* _Problem to solve_
Starting at the line below that contains "인테리어가 필요할 때, 필요한" and ending at the line that contains "CHERRY KC 1000", retype each line exactly as it stands, but omit the pictures.

* _Data listing_
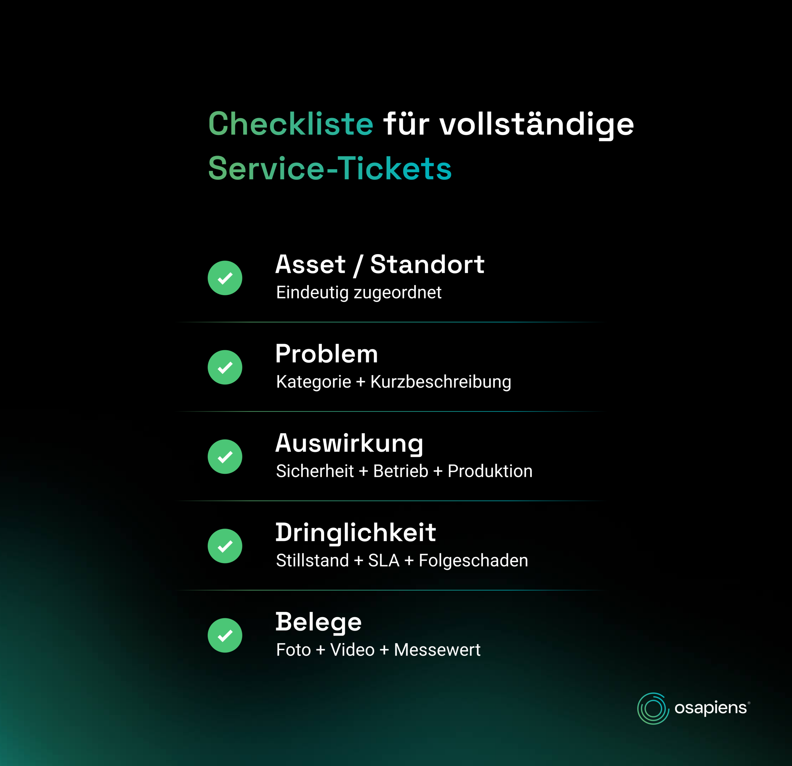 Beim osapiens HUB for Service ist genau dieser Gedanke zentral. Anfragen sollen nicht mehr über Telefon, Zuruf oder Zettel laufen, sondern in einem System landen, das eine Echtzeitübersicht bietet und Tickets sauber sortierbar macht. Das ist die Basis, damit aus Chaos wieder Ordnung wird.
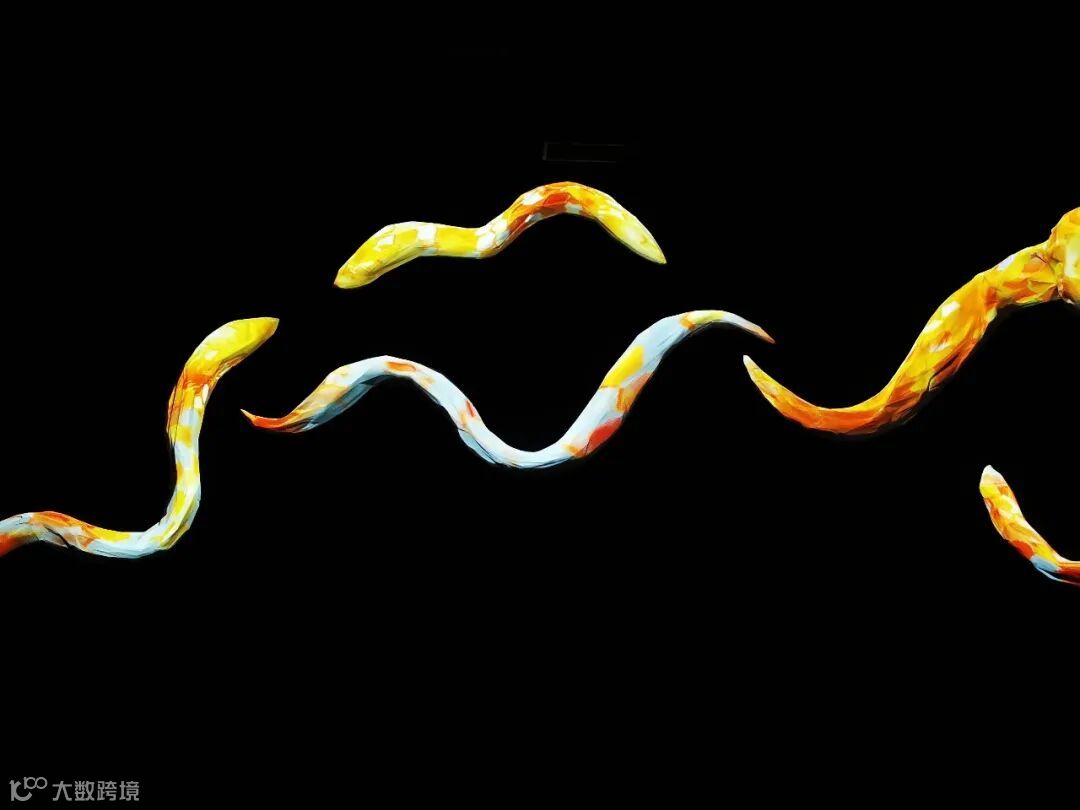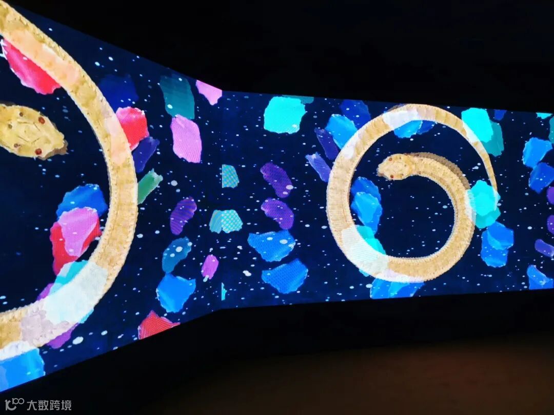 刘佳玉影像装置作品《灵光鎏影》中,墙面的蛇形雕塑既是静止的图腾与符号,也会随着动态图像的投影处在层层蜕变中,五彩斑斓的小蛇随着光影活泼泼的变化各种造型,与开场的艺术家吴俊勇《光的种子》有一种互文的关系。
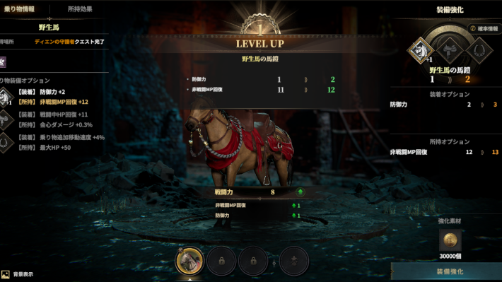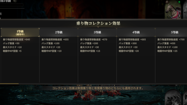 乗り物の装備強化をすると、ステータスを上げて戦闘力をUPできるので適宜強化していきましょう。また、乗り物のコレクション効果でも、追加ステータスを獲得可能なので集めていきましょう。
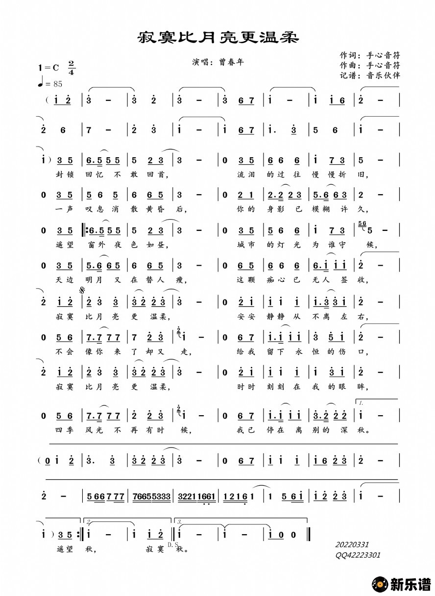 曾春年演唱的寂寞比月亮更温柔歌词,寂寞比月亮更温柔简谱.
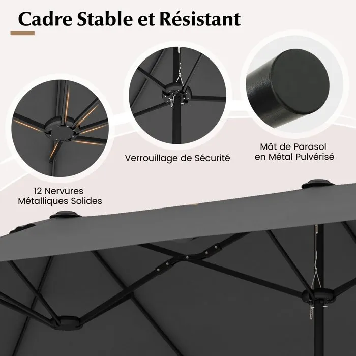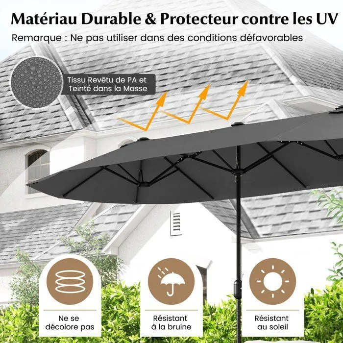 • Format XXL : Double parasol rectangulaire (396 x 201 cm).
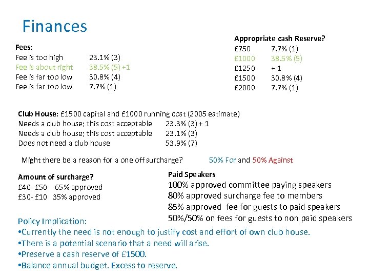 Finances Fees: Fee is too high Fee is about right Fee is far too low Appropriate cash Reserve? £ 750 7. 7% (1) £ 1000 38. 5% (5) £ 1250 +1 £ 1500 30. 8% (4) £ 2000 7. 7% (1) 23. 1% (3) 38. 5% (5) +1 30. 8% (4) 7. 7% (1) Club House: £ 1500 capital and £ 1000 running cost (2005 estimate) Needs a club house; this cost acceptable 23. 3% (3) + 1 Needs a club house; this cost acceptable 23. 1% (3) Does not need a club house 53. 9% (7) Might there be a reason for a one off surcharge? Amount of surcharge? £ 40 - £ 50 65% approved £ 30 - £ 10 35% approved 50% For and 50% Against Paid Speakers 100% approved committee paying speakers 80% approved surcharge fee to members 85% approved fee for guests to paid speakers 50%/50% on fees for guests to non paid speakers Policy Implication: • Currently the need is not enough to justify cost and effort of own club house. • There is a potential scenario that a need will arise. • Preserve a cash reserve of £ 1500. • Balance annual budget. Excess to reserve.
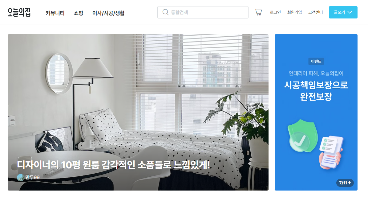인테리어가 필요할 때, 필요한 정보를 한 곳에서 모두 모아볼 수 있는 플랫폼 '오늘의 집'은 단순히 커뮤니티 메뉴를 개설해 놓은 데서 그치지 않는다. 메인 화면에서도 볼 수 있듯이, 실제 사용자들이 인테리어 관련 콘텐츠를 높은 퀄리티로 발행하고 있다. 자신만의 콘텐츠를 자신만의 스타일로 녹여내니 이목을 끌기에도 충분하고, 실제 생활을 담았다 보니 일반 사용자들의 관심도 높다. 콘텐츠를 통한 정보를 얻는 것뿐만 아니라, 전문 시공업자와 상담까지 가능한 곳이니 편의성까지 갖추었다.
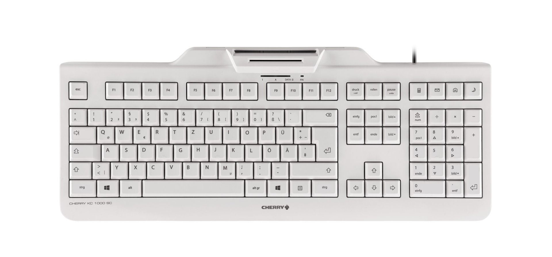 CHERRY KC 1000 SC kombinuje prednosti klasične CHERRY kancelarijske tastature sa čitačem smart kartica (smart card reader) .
...
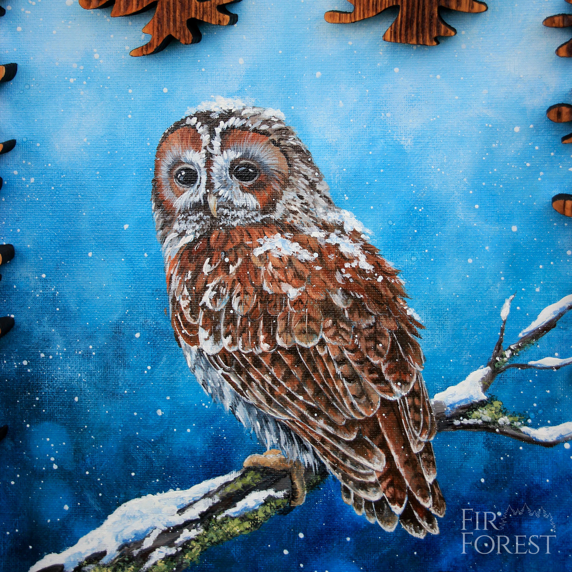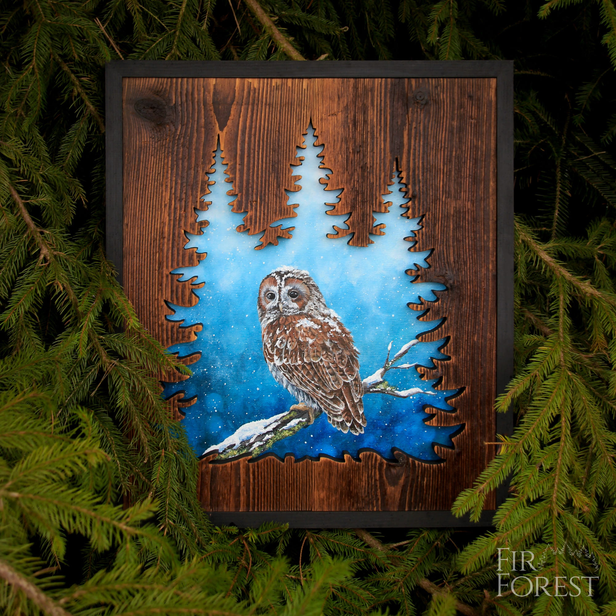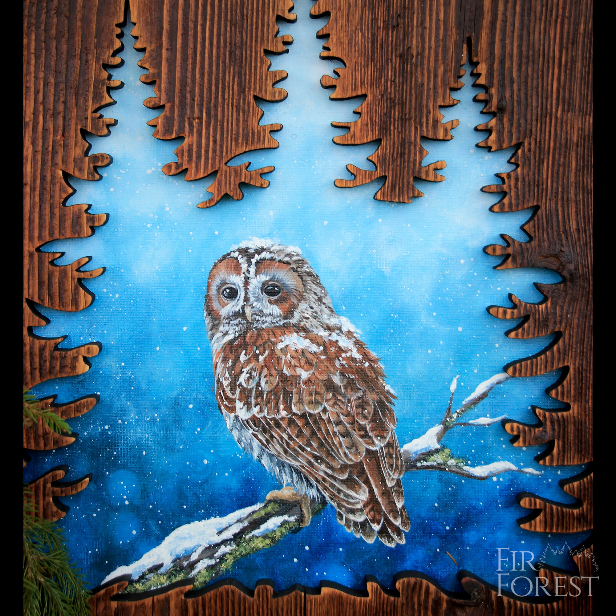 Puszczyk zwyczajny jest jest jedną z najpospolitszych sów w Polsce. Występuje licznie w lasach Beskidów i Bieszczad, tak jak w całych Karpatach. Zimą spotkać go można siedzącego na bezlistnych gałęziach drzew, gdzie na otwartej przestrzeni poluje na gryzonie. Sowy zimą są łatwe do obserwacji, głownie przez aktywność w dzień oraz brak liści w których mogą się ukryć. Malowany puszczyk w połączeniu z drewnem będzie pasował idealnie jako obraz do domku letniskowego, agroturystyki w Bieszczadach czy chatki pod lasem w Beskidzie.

* _Solved exercise_
인테리어가 필요할 때, 필요한 정보를 한 곳에서 모두 모아볼 수 있는 플랫폼 '오늘의 집'은 단순히 커뮤니티 메뉴를 개설해 놓은 데서 그치지 않는다. 메인 화면에서도 볼 수 있듯이, 실제 사용자들이 인테리어 관련 콘텐츠를 높은 퀄리티로 발행하고 있다. 자신만의 콘텐츠를 자신만의 스타일로 녹여내니 이목을 끌기에도 충분하고, 실제 생활을 담았다 보니 일반 사용자들의 관심도 높다. 콘텐츠를 통한 정보를 얻는 것뿐만 아니라, 전문 시공업자와 상담까지 가능한 곳이니 편의성까지 갖추었다.
 CHERRY KC 1000 SC kombinuje prednosti klasične CHERRY kancelarijske tastature sa čitačem smart kartica (smart card reader) .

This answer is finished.